I don't remember. As I find things like that terribly unpleasant, I block them out. The toughest thing I remember doing regarding my legs was flying across the country with a broken ankle. I had crutches, but they couldn't give me any kind of special seating... or even an aisle. Of course, I was at the window in the back of the plane. Know how skinny those aisles are? Wait until you do it in crutches. Also, because the crutches were long, they had to take them from me after I sat down and stow them up front. So, hope you don't have to go to the bathroom or escape a plane crash in the next five hours.

2. What makes you afraid?

uncertainty, spiders, and bees.

3. Would You Rather… die in a car crash- or -die in plain crash?

Neither! Ha, suck it Nall! Ok ok, I would choose the plain crash because you would die quickly and wouldn't feel anything. In a car crash, you would live for a few hours. Plus, there is a myth that the rapid decompression of the plane as it descends would make you pass out. So, no ouchie... right?
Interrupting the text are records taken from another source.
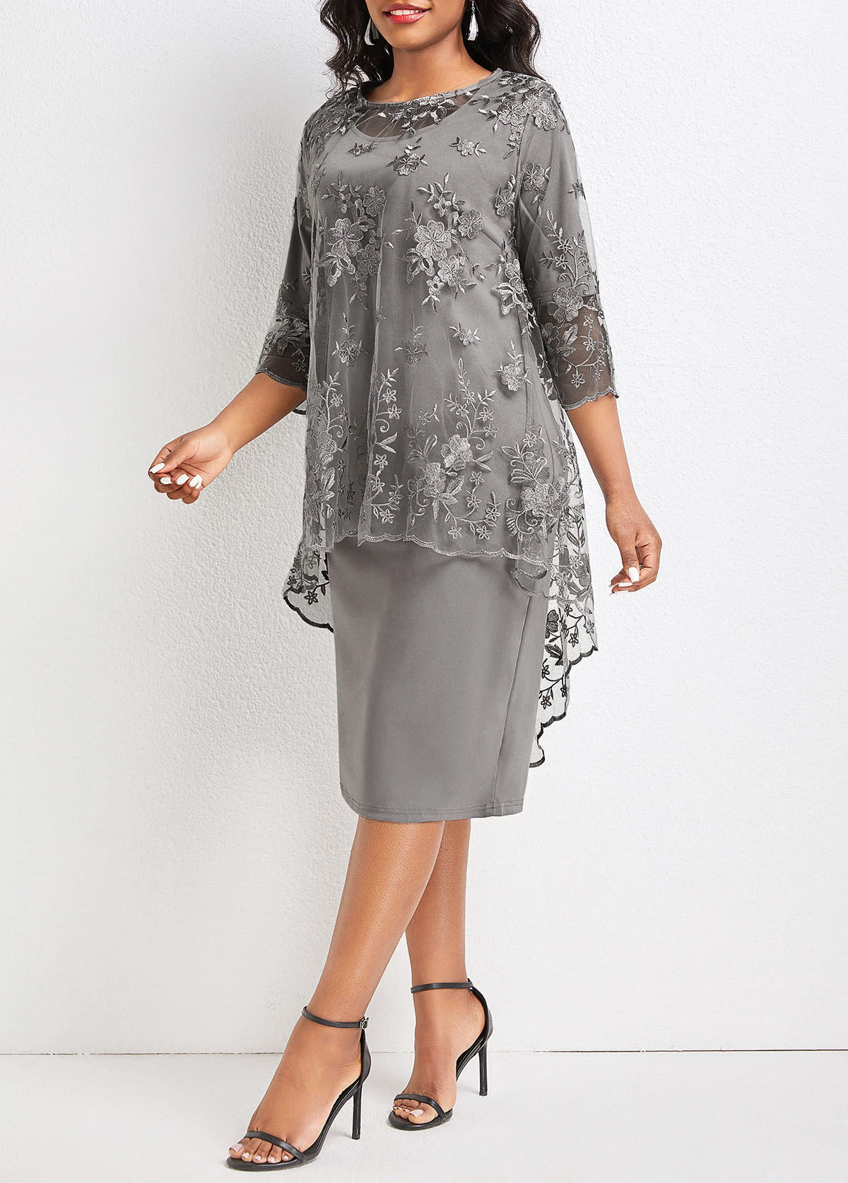 Light Grey Lace Layered Two Piece Dress
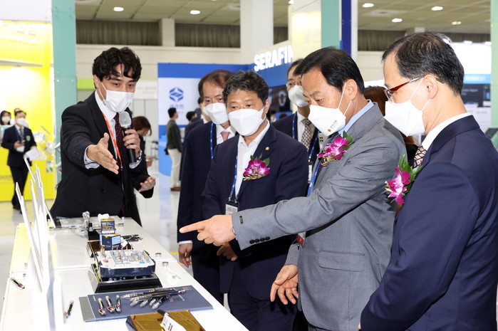 장현국 경기도의회 의장이 지난 25일 코엑스에서 열린 'GAMEX(치과기자재전시회) 2021 개회식'에 참석했다. 경기도치과의사회가 주최하고 경기도치과의사회 GAMEX 조직위원회가 주관한 이번 행사에는 박태근 대한치과의사협회 협회장, 서영석 국회의원, 최유성 경기도치과의사회 회장 등이 참석했다. 사진은 전시회를 둘러보는 장 의장(오른쪽 두 번째)의 모습. (사진제공=경기도의회)
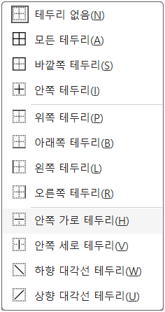 그 다음 그 옆에 있는 ‘테두리’ 목록에는 ‘안쪽 가로 테두리’를 선택하여 설정한 선을 적용하여 생성합니다.
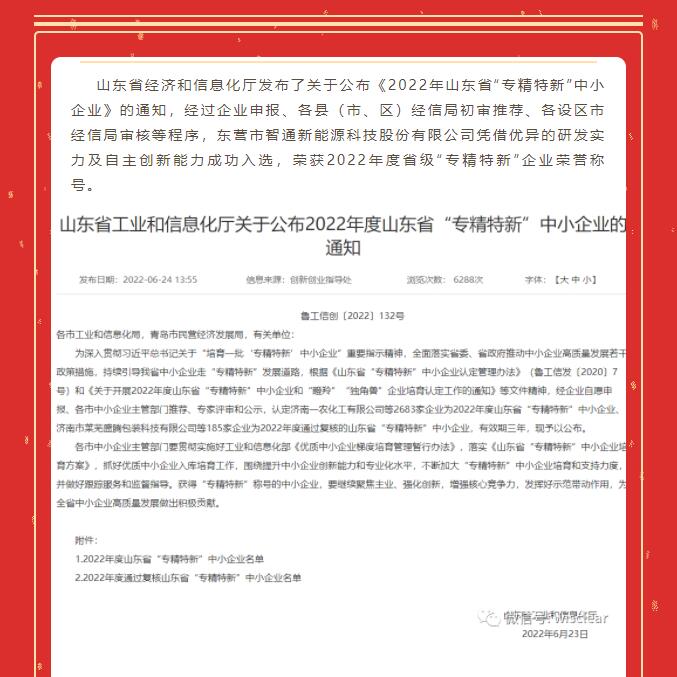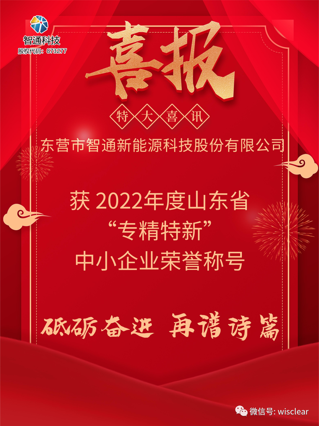 智通科技榮獲2022年度山東省“專精特新”企業(yè)榮譽(yù)稱號(hào)
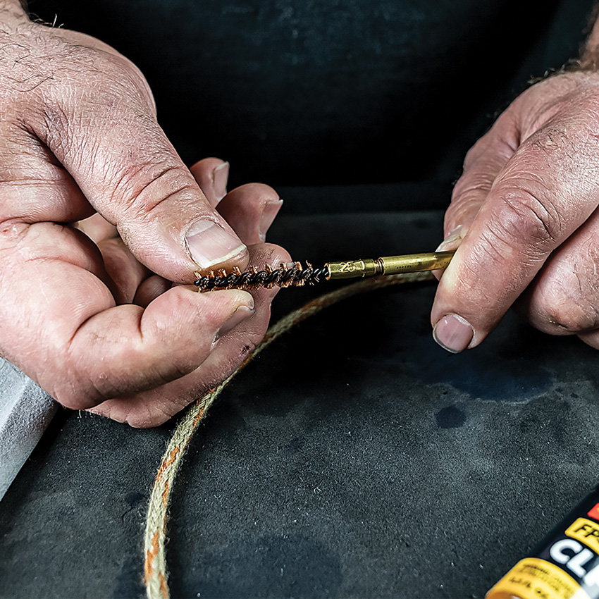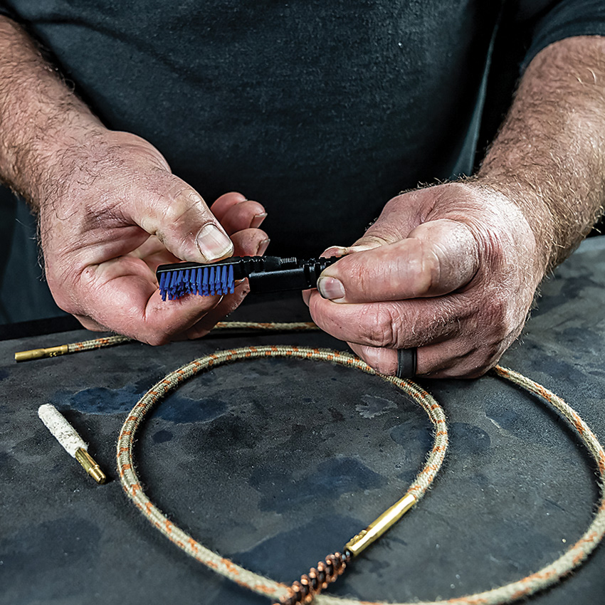 Includes: Ripcord plus caliber/gauge specific bore brush; Cotton bore mop; 0.5 fl oz bottle Shooter’s Choice FP-10 Lubricant Elite; Short AP brush that locks into notch of T-handle; Microfiber cloth. Cleans: .223 Caliber/5.56mm/5.7mm. Offers complete cleaning for field/on-the-go use. Heat resistant up to 700F. Hang packaged.
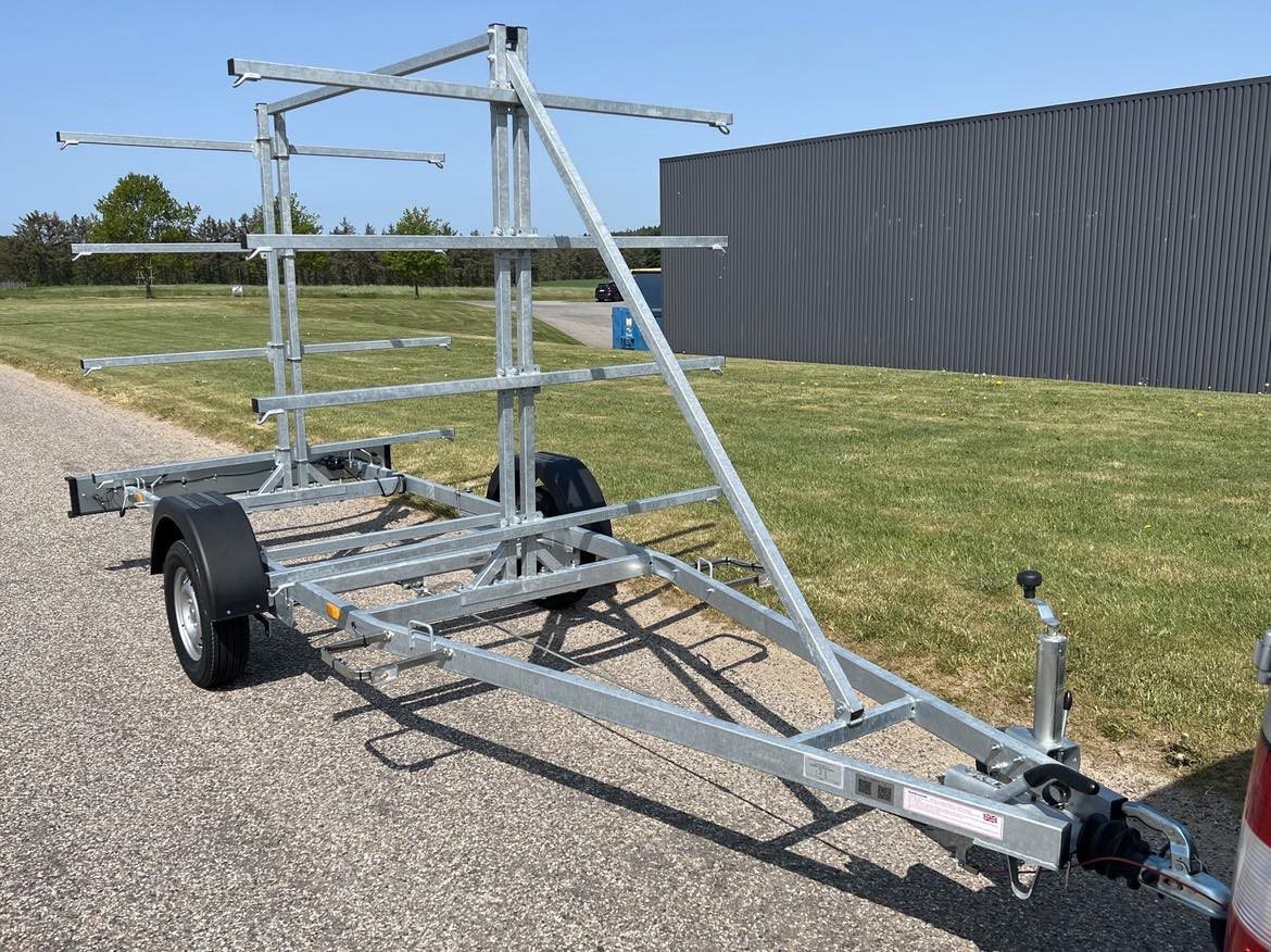 Vi har i dag indkøbt en helt ny, almindelig åben kajaktrailer med plads til 8-16 kajakker, den vil få et nedbygget rum midt i traileren til pagajer, udstyr og bukke.
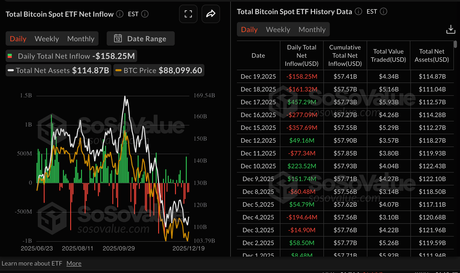 El Bitcoin ha continuado enfrentando una caída significativa en el interés institucional, con la demanda de fondos cotizados en bolsa (ETF) al contado tomando un segundo plano. Los ETF de Bitcoin listados en EE.UU. registraron aproximadamente 158 millones de dólares en salidas el viernes.
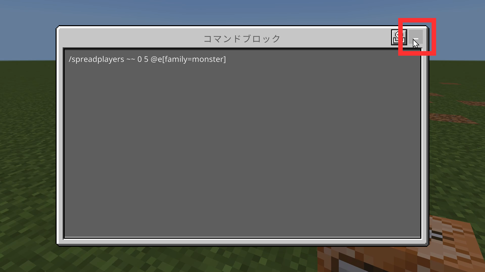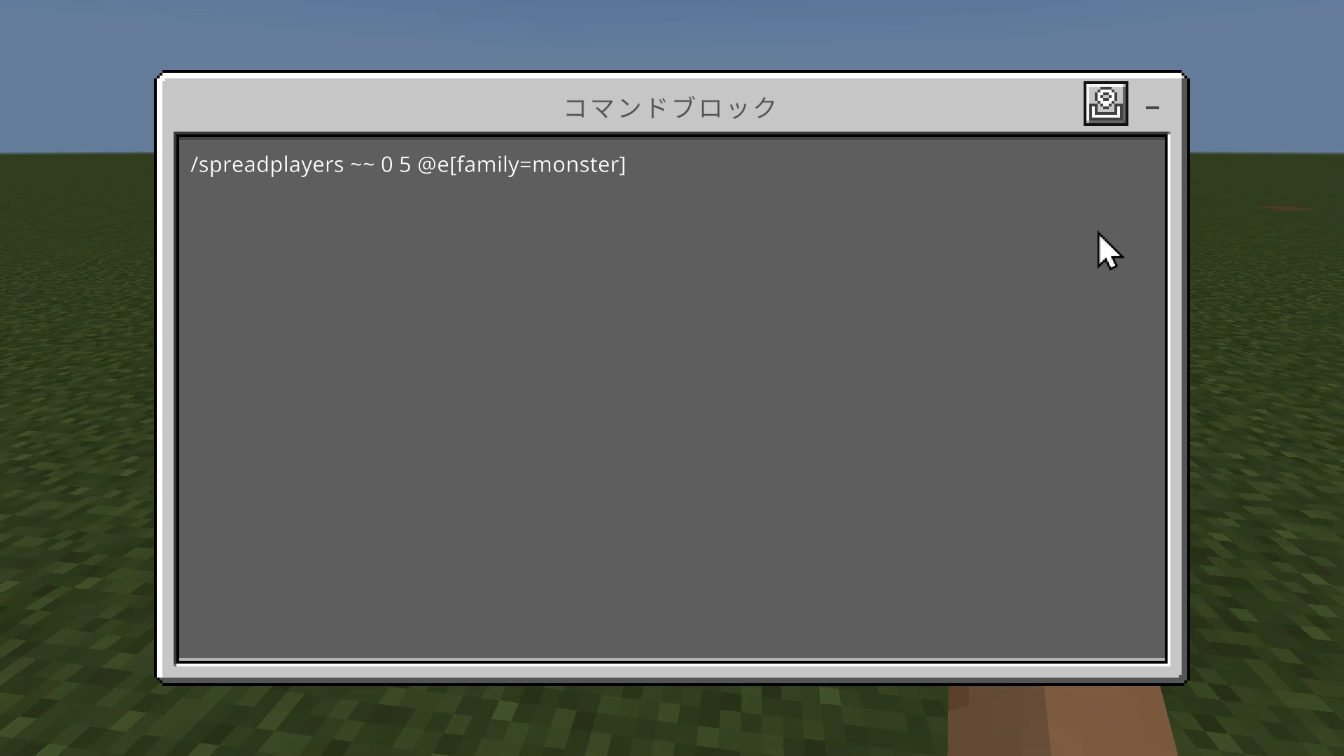 (コマンドブロックの位置(いち)を中心にして、周りにいるモンスターを最大5ブロックの範囲(はんい)にランダムにテレポートさせるコマンド)
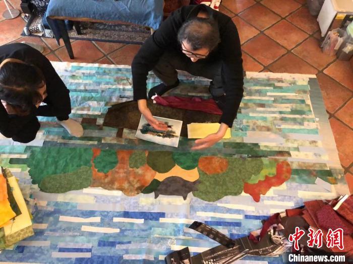 随着创作的推进,她原先准备的100种颜色的布料显得有些“捉襟见肘”,好在“方法总比困难多”,在当地妇联的号召下,各行各业百名妇女们参与到了这场“接力赛”。有的具备拼布手艺就一起参与创作,有的开设布衣企业就拿出布料支援,有的“在家带娃”就拿出孩子不要的衣服做材料,实在没有合适的颜色,杨惠娟就自己动手配料染色。
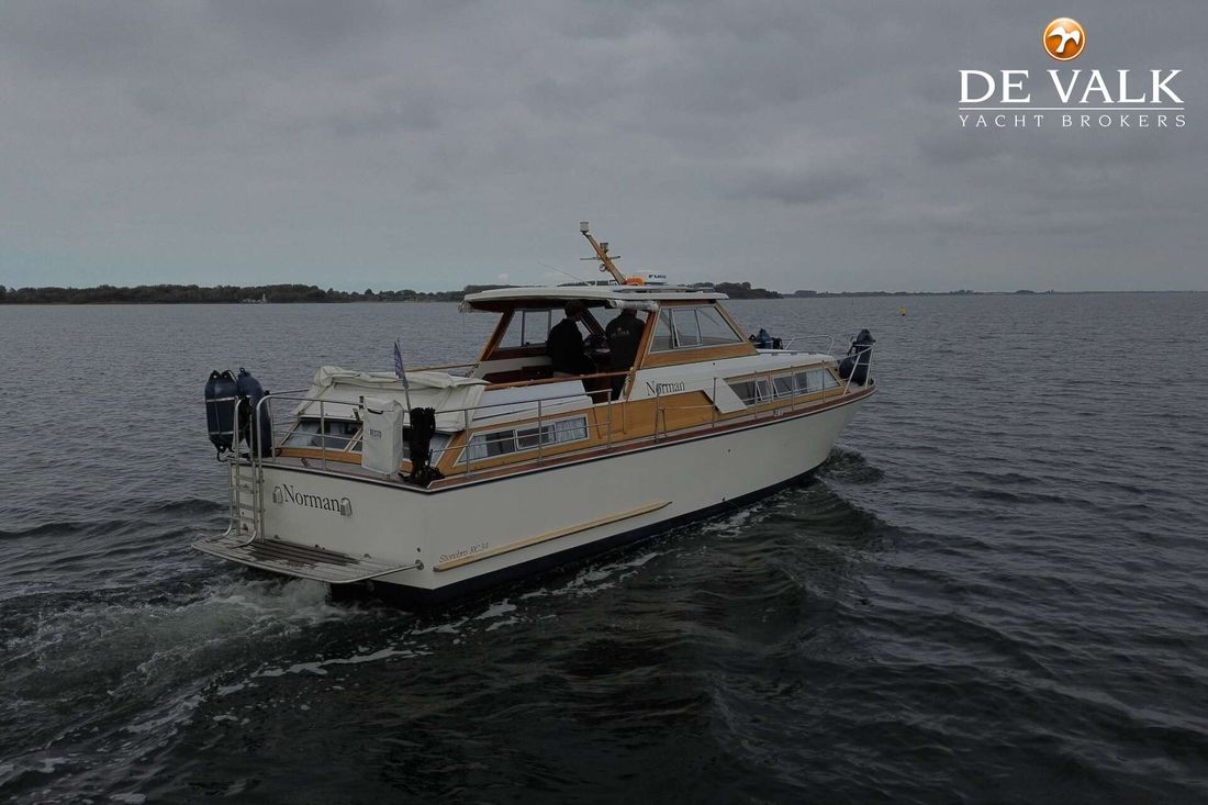 Very well maintained Storebro 34 Royal Cruiser called "Norman" built in 1983. The "Norman" is a great motor yacht to sail both inland and coastal waters. This Storebro 34 Royal Cruiser 34 is equipped with two strong and economical Volvo Penta diesel engines and a bow thruster. The interior has a new floor, diesel hot air heating, two cabins, etc.... In short, a very spacious classic motor yacht, also for longer stays on board.
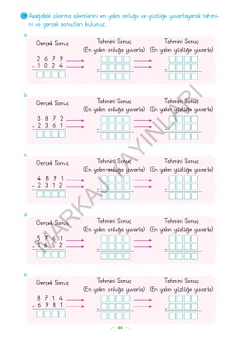 C Aşağıdaki çıkarma işlemlerini en yakın onluğa ve yüzlüğe yuvarlayarak tahmi-
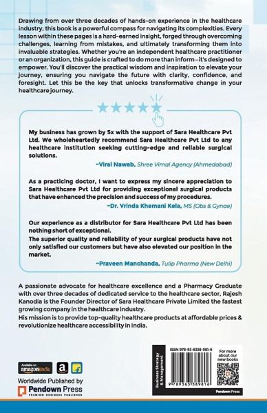 Drawing from over three decades of hands-on experience in the healthcare industry, this book is a powerful compass for navigating its complexities. Every lesson within these pages is a hard-earned insight, forged through overcoming challenges, learning from mistakes, and ultimately transforming them into invaluable strategies. Whether you're an independent healthcare practitioner or an organization, this guide is crafted to do more than inform-it's designed to empower. You'll discover the practical wisdom and inspiration to elevate your journey, ensuring you navigate the future with clarity, confidence, and foresight. Let this be the key that unlocks transformative change in your healthcare journey.A passionate advocate for healthcare excellence and a Pharmacy Graduate with over three decades of dedicated service to the healthcare sector, Rajesh Kanodia is the Founder and Director of Sara Healthcare Private Limited the fastest-growing company in the healthcare industry. His mission is to provide top-quality healthcare products at affordable prices & revolutionize healthcare accessibility in India.

Sidebar: A few years ago we flew to London and they gave us the obligatory speach on water landings. Go ahead and reference a globe right now, I will wait. The chance of a 'water landing' is not that far off, really. We were in the most excellent and favoritest plane of mine... the 777. This plane's cruising speed is over 700 miles an hour. It's cruising altitude is high, like miles up.

A plane hitting the water at over 700 miles an hour at a 45 degree bank isn't what I would call a 'water landing'. It is what I would call 'crashing into the ocean at over 700 miles per hour. Also, this is the Atlantic. That is the thing with icebergs that took down the Titanic. This isn't the Pacific, which is good times Gilligan's Island.

4. Do you like to spy on people?

I like to spy on news more than people. Does that make sense? I am hooked on news.google.com which scours several hundred news sources every minute for text. Whereas the regular google only catalogues and caches about once a week. I could write an article for Blogcritics that says Reverend Ted Haggard caught feasting on Asian babies, and it would be instantly searchable to the world. Of course, I wouldn't do that because Rev Haggard was actually caught eating Vietnamese babies. Mostly, I use it to find out if Axl is ever going to finish that album.

5. What line won’t you cross?

the equator. Aw come on, that was funny! Tell you what, here is a phrase I prefer to think I live by: Integrity is what you do when no one is looking.

Peace, and have a great weekend. See you at Pete's tomorrow night.